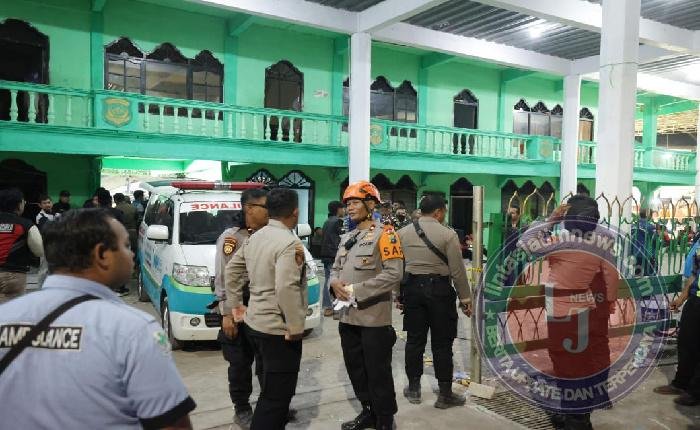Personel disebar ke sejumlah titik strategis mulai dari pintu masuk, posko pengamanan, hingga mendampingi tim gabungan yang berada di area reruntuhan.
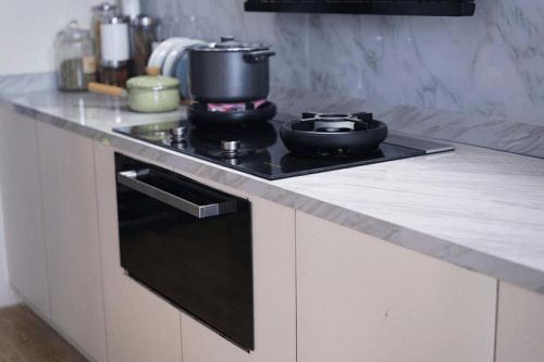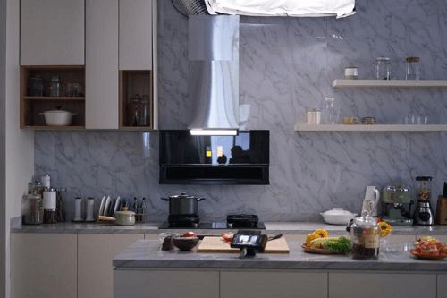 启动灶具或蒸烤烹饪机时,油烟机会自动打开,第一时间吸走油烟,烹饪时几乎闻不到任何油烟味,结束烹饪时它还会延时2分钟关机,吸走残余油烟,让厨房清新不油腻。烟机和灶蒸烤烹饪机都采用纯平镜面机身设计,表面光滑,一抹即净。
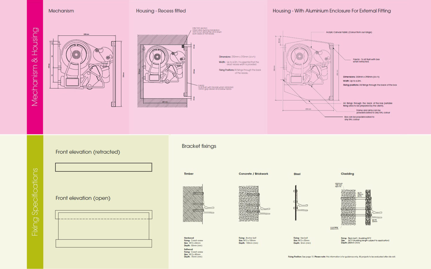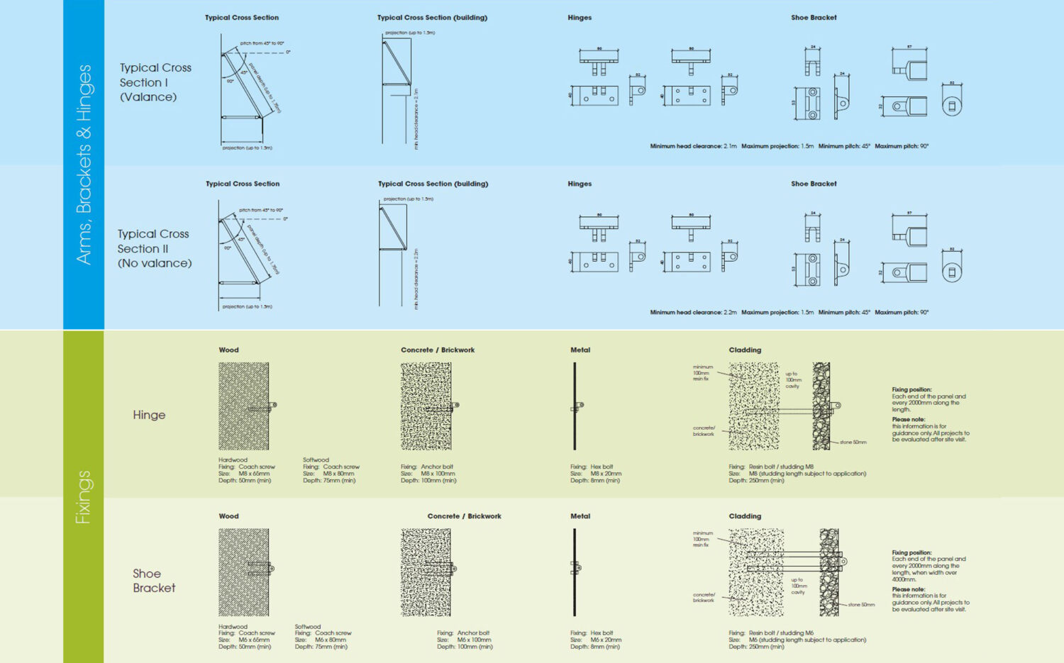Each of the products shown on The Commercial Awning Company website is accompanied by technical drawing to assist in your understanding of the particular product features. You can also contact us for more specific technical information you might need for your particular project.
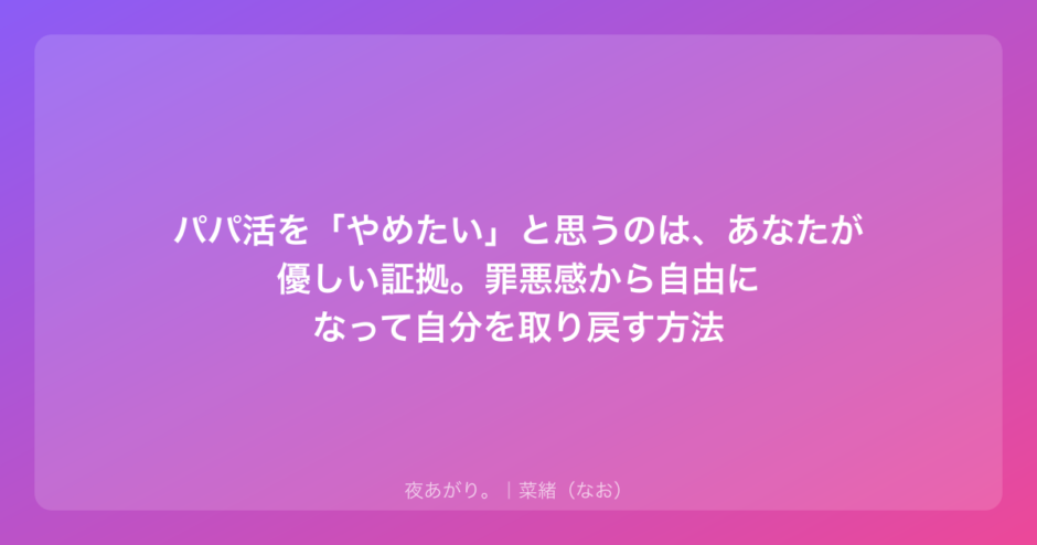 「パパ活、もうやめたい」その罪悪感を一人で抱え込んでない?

## Task to carry out
An exact copy is needed of only the lines from the top of the material through the line with "启动灶具或蒸烤烹饪机时,油烟"; no pictures belong in it.

## Answer for this exercise
Personel disebar ke sejumlah titik strategis mulai dari pintu masuk, posko pengamanan, hingga mendampingi tim gabungan yang berada di area reruntuhan.
 启动灶具或蒸烤烹饪机时,油烟机会自动打开,第一时间吸走油烟,烹饪时几乎闻不到任何油烟味,结束烹饪时它还会延时2分钟关机,吸走残余油烟,让厨房清新不油腻。烟机和灶蒸烤烹饪机都采用纯平镜面机身设计,表面光滑,一抹即净。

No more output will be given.